Bahreïn, seul pays du Golfe peuplé d'une majorité chiite, renouvelle samedi sa Chambre des députés alors que les tensions confessionnelles inter-musulmanes restent vives.
"À l’approche des élections générales du 23 octobre prochain, la situation intérieure pourrait se tendre". Cette mise en garde destinée aux touristes désireux de se rendre au Bahreïn, émane du ministère français des Affaires étrangères. Et pour cause, la campagne électorale des élections législatives et municipales du royaume se déroule sur fond de tensions dans le seul pays du Golfe peuplé d'une majorité de chiites (70 %), mais gouverné par la dynastie sunnite Al Khalifa.

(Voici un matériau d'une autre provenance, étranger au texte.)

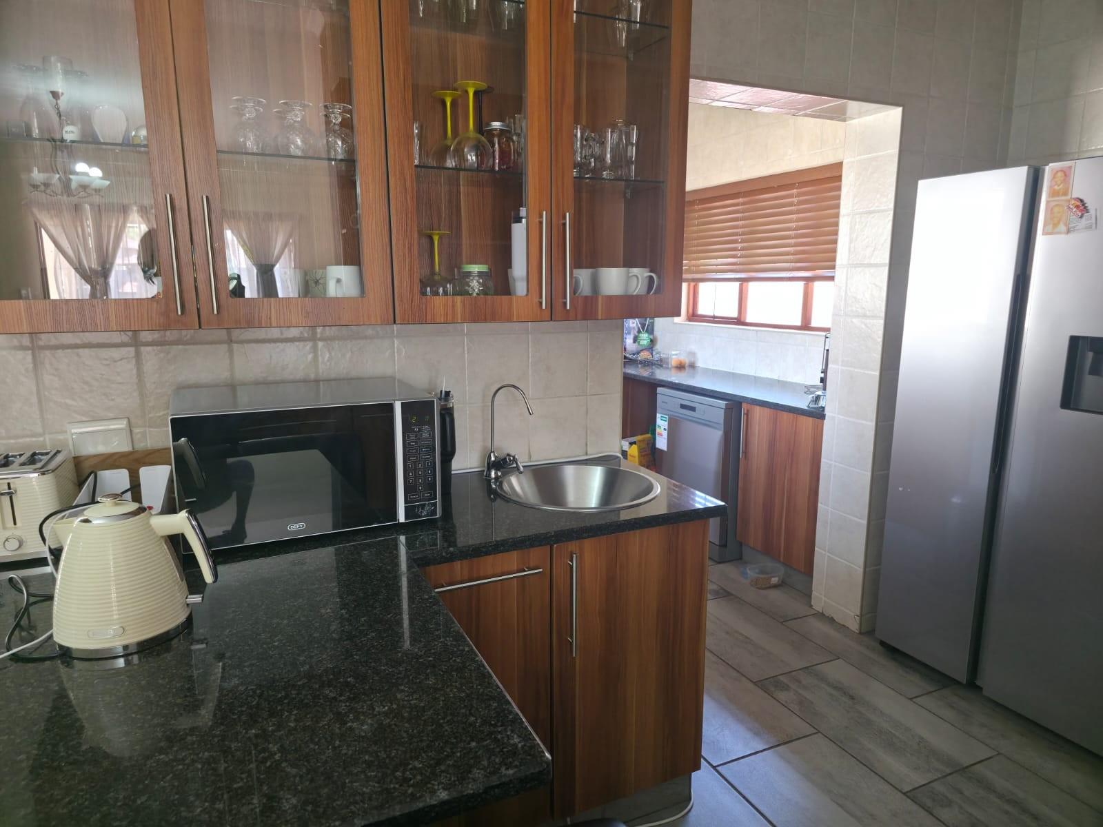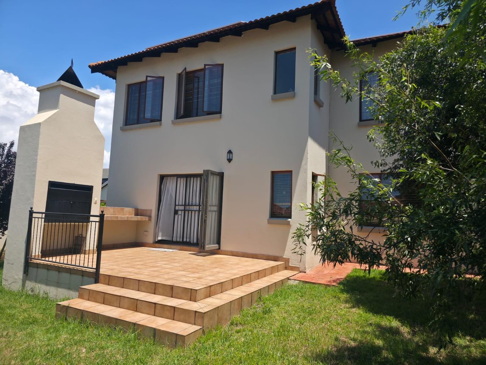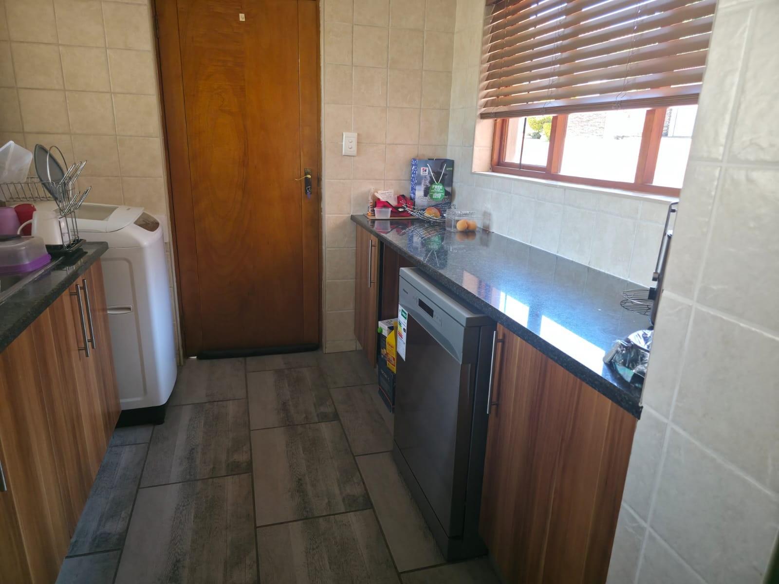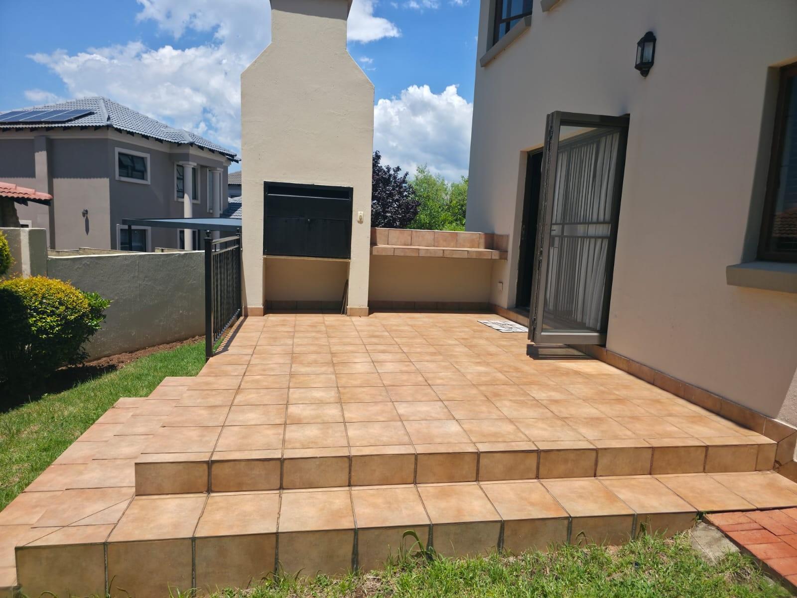 The home offers a modern kitchen with a separate scullery, ideal for convenience and extra storage. Sliding doors lead to an outside patio with a built-in braai, perfect for entertaining.
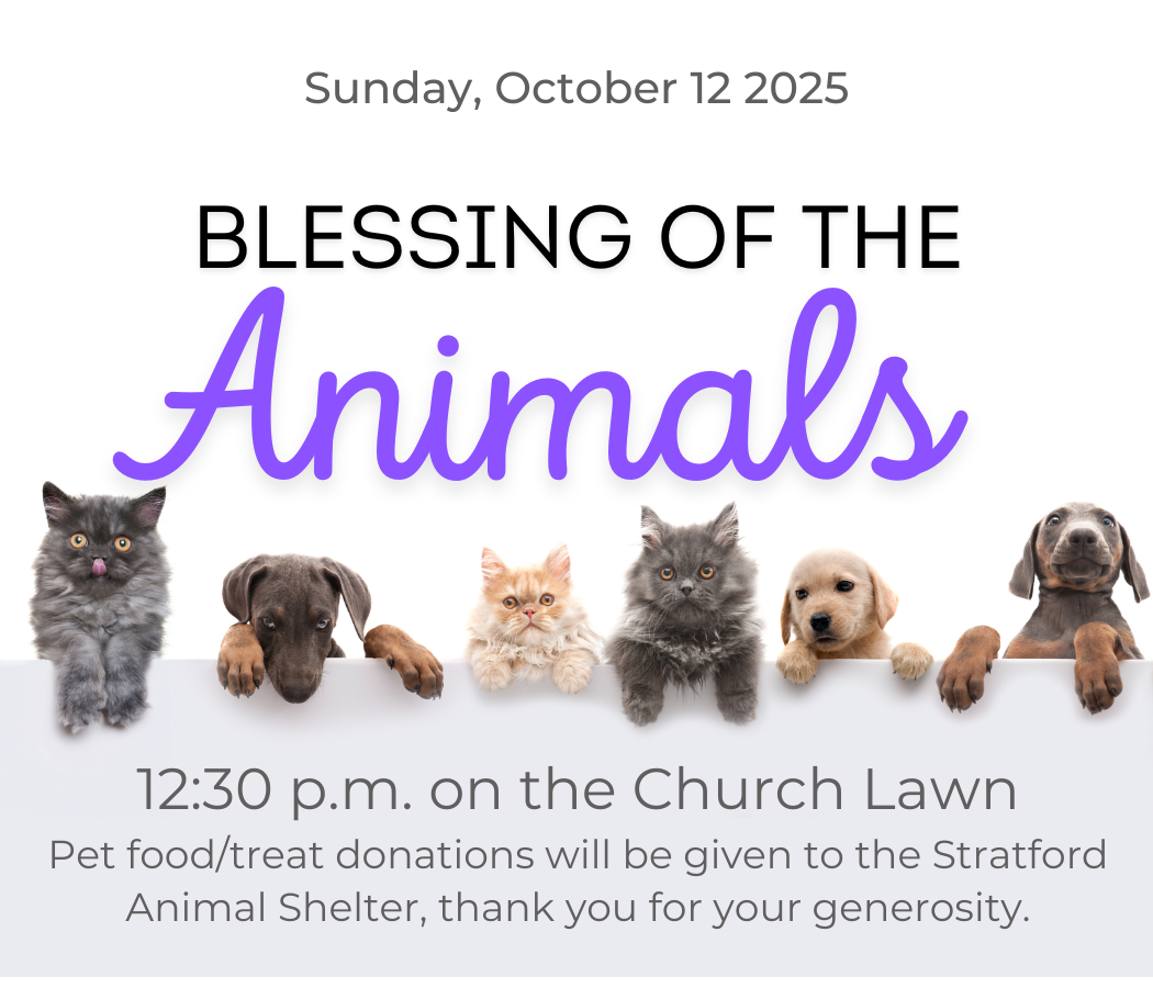 Blessing of the Animals, Sunday October 12, 12:30 p.m.

La tension est montée d’un cran après l'inculpation, début septembre, de 23 activistes de l'opposition chiite, accusés de comploter en vue de renverser la monarchie. Hasard du calendrier ou précaution des autorités, leur procès devant la Haute cour pénale aura lieu le 28 octobre, soit quelques jours à peine après les élections. Parmi les accusés figurent Abdeljalil al-Singace, un leader du Mouvement des libertés et de la démocratie (HAQ), une association politique chiite interdite, Mohammed Saïd, un dirigeant du Centre pour les droits de l'homme au Bahreïn, et deux religieux chiites, cheikh Mohammed al-Moqdad et cheikh Saïd al-Nouri. Par ailleurs, quelque 250 détenus chiites arrêtés avant les élections au Bahreïn risquent d'être torturés, selon Amnesty International, tandis que l'on accuse le pouvoir d’avoir opéré "un retour à l'autoritarisme".
Discriminations
Une série d’évènements qui n’a pu que conforter le sentiment d’exclusion de la majorité chiite, fréquemment soupçonnée par les compatriotes sunnites d’entretenir des rapports ambigus avec l’Iran, la mère patrie de leur communauté. Une accusation sans fondements assurent de leur côté les leaders chiites. "La discrimination confessionnelle dont sont victimes les chiites au Bahreïn est bien réelle, il faut y mettre un terme, notamment sur le plan politique", déclare à France24.com, Abdel Nabi Salmane, ancien député et vice-président de la Tribune démocratique progressiste.
Mercredi, le chef du principal groupe de l'opposition chiite au Bahreïn est allé jusqu’à contester le monopole du pouvoir détenu par la famille royale, réclamant que le poste de Premier ministre ne soit plus occupé par l’un de ses membres. "Il est inadmissible que le pouvoir soit le monopole d'une seule famille, à laquelle nous devons (pourtant) respect et considération. Nous attendons le jour où un enfant du peuple, qu'il soit sunnite ou chiite (...), pourra accéder au poste de Premier ministre", a lancé cheikh Ali Salmane, chef de l'Association de l'entente nationale islamique ou Wefaq. Cette association, les partis politiques étant interdits, présente 18 candidats pour l'élection de la Chambre des députés aux pouvoirs limités. Si les dernières législatives de 2006 avaient été remportées par des partis islamistes, Wefaq avait réussi à gagner 17 des 40 sièges.
Samedi, 127 candidats, dont 8 femmes, seront en lice pour 35 des 40 sièges de la Chambre des députés. Leur sort, qui semble joué d'avance selon l'opposition qui dénonce des risques de fraude, est désormais entre les mains des quelques 318 000 électeurs.